The liberal as “slacker layabout” may be the way that some Boomers on the right imagine their counterparts on the left because of their experience in the ’60s and ’70s, but if liberals were, in fact, layabouts rather than politically engaged conservatives wouldn’t have many policies to oppose.
Daniel, you speak of “obligations” – and of meliorism. From Webster online – : “the belief that the world tends to improve and that humans can aid its betterment”. OMG!!! LIBERALS want to improve the world!!!!
Yeah, you’re right. We do.
So did Jesus. And creating a better world is the point of MOST of the “obligations” to which you refer. Or at least that’s what I guess as you don’t actually identify any obligations from which liberals want to free you.
What obligations do you have of which I might work to relieve you?
The more I think about it, the more I think it the case that us liberals want to free US from the obligations YOU choose to have. That’s a whole different kettle of fish, isn’t it?
Well, as a roll yer own smoker who just saw his tobacco tax skyrocket a whopping 25 bucks a pound (schip), I am in a decidedly un-meliorist mood today. Further, as a Catholic, I join with my Orthodox brothers and sisters in a certain reflexive predisposition toward skepticism as to the whole notion of “progress”.
In terms of my social and personal obligations I do, however, confess that I regard the input of others as, at best, advisory opinions. So to that extent I find I fit the bill of the slacker lib or the irresponsible libertarian.
I do have a guilty fondness for observing the Constitution and, apart from a praiseworthy commitment to the Second Amendment and a rather selective gesture toward strict constructionism, the Republican has not exactly covered itself with glory of late.
That is most of my apologia for my Democrat credentials.
For the record:
Culture11 – heard of it. (I never liked or even understood the name, though – now I find it means “the eleven areas of culture?” Sheesh. Also, I don’t think I ever agreed with any of the “Ladyblog” posters (except Eve Tushnet) about anything, and I could take or leave most of the other writers.)
Memeorandum – never heard of it.
Big Hollywood – never heard of it.
Dan Riehl – never heard of him.
So Culture11 wins by default, I guess. Not that I am in any way representative, but what blogs a person has or hasn’t heard of can be very much a product of happenstance.
“what blogs a person has or hasn’t heard of can be very much a product of happenstance”
Well, yes, which is what I wanted my original point to be.

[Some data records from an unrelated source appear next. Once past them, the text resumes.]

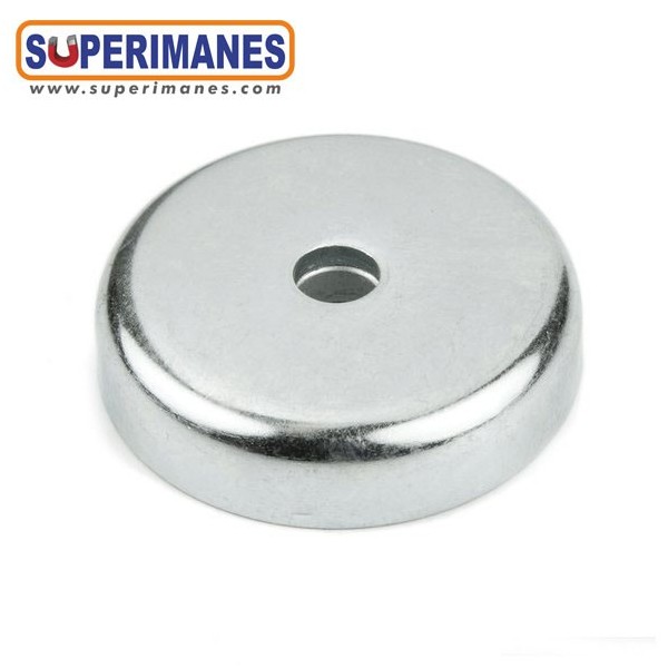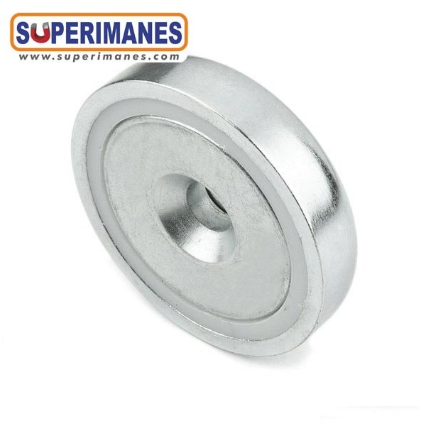 Imanes de neodimio en recipiente con taladros avellanados para atornillar. Base magnética con forma redonda de diámetro 50 mm y altura 10 mm. Discos magnéticos de neodimio para atornillar. Tienen fuerza de sujeción de 90 kilogramos aproximadamente. Imán redondo muy potente. Magnetizado en N42 axial. Imán embutido en un recipiente metálico con revestimiento de níquel. Temperatura máxima de servicio de 80º C. La pieza tiene un peso de 140 g.
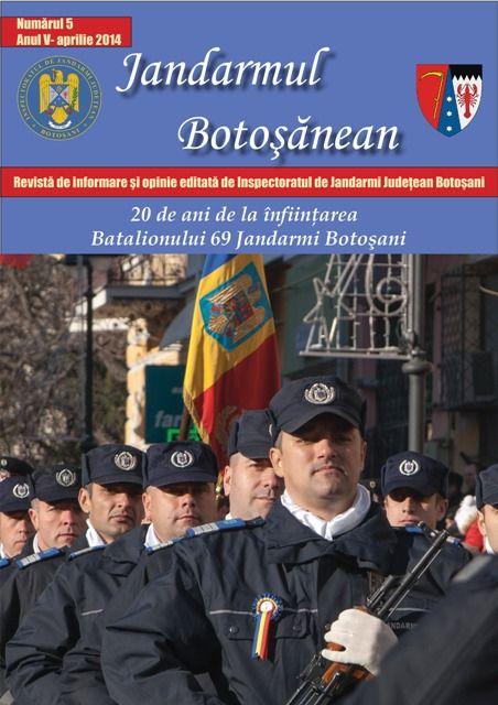 Printre activităţile organizate şi desfăşurate pentru aniversarea a 164 de ani de la înfiinţarea Jandarmeriei Române, pe care jandarmii o sărbătoresc în data de 3 aprilie 2014, se înscrie tipărirea unui nou număr al revistei „Jandarmul Botoşănean”.
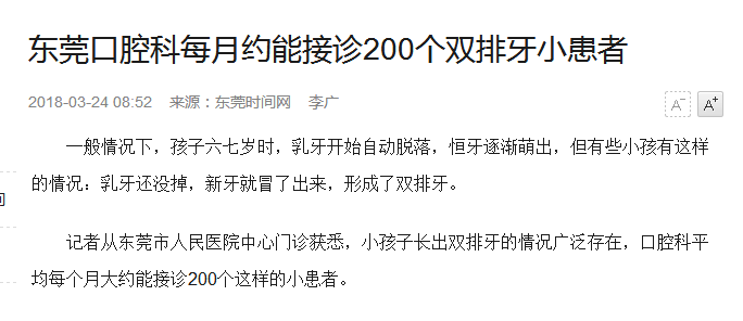 “双排牙”一般在七八岁的孩子中最为常见,通常发生在下牙,也有上牙长双排牙的现象。仅仅东莞市人民医院门诊,每个月就要接诊200个这样的小患者。
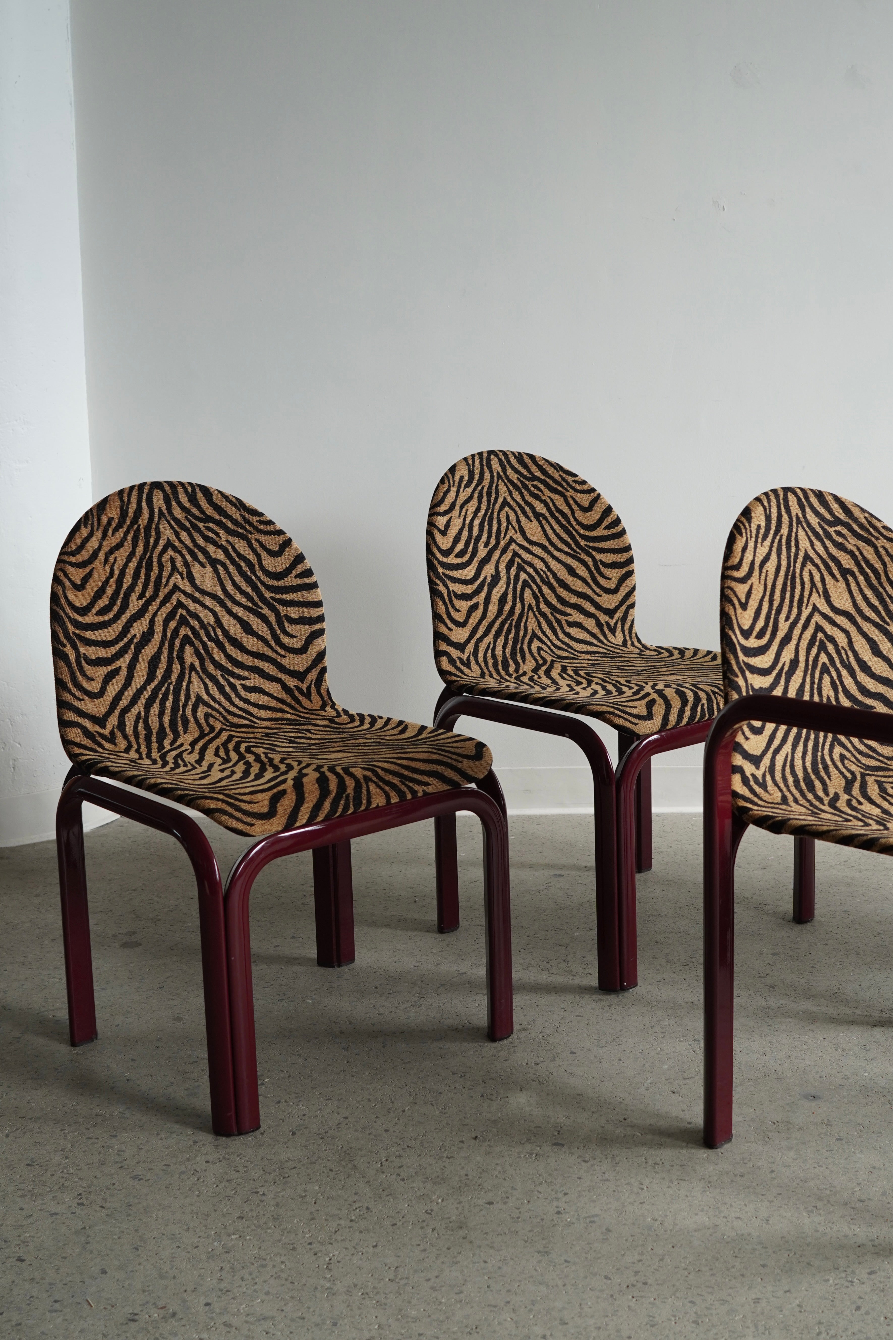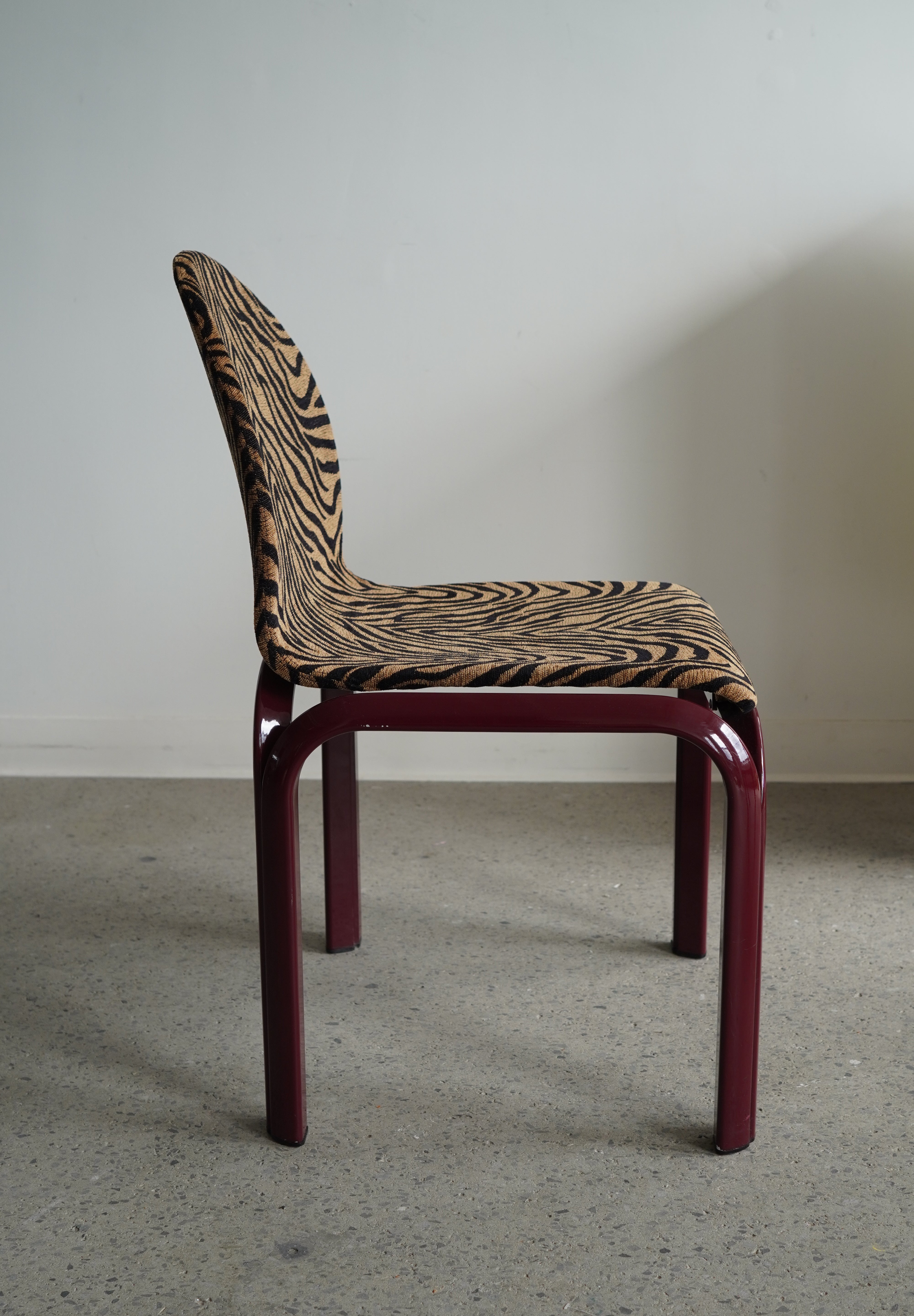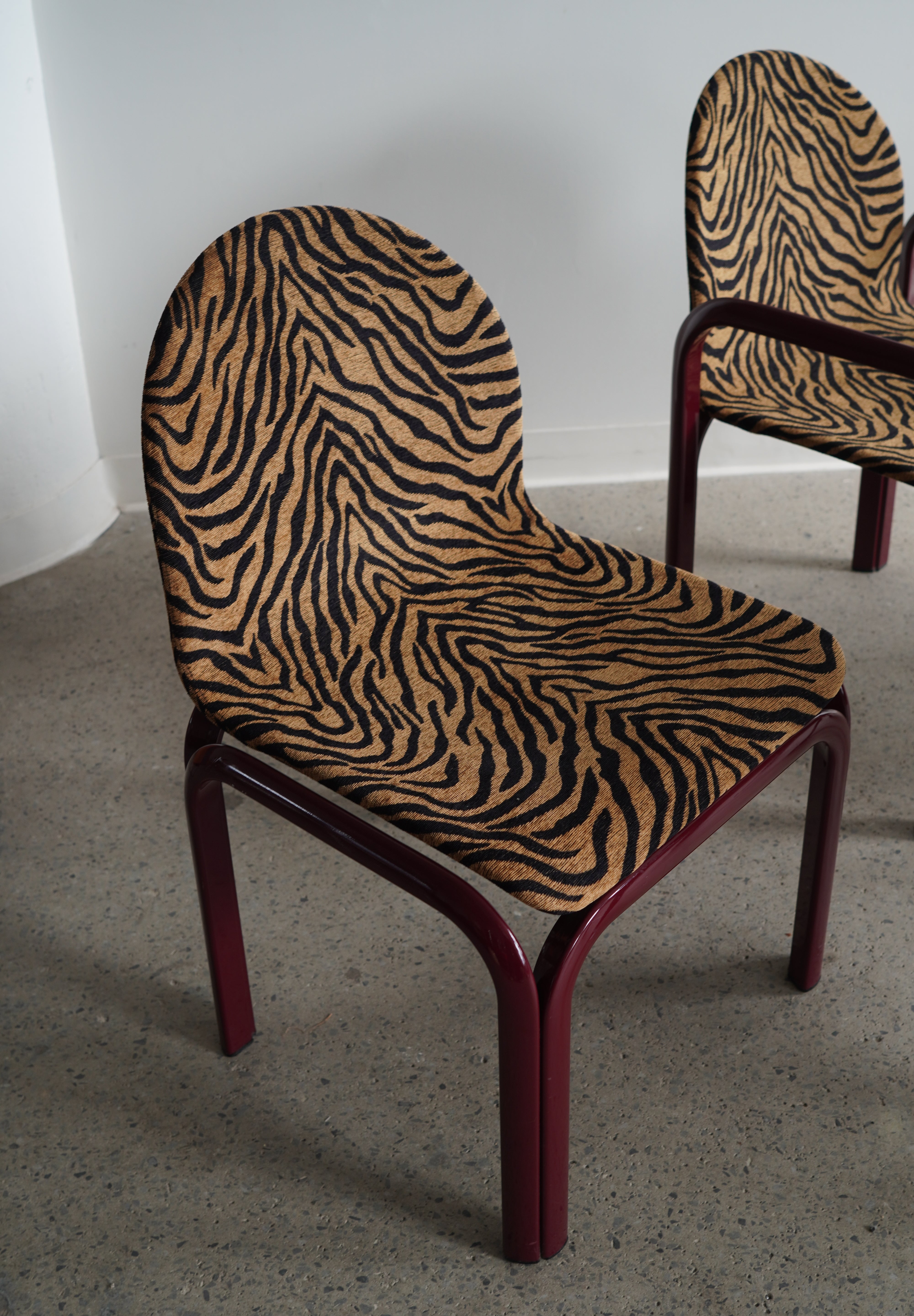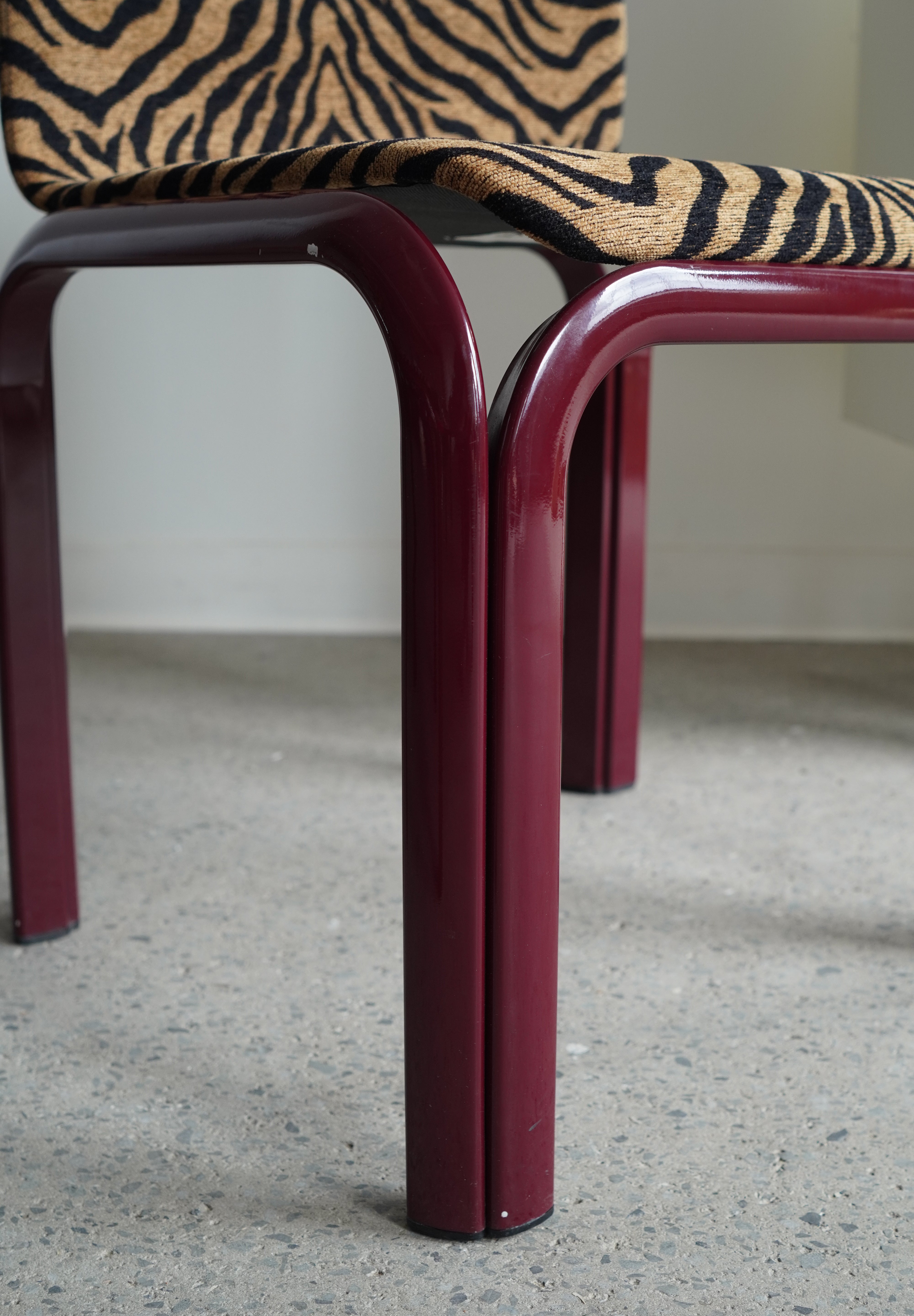 Set of four dining chairs by Gae Aulenti for Knoll, including two model 54A armchairs and two model 54 side chairs, 1970s. Burgundy-plum enamel tubular steel frames and newly reupholstered seats in a bold animal print durable fabric.

Oh but, damn, I’d somehow missed the devastatingly vicious takedown of culture11 at Takimag..
http://www.takimag.com/blogs/article/culture_snores/
I was a regular reader and poster at Culture11, which I thought was a terrific site, free of the usual snarling rage found at most.
I had tried to post at Redstate, making the case for moderate conservatism, and was promptly banned, for even the most mild criticism of the current conservative commentariat.
Ironically, I found Culture11 only by the sneering mention of it by Moe Lane, and a short Google search afterward.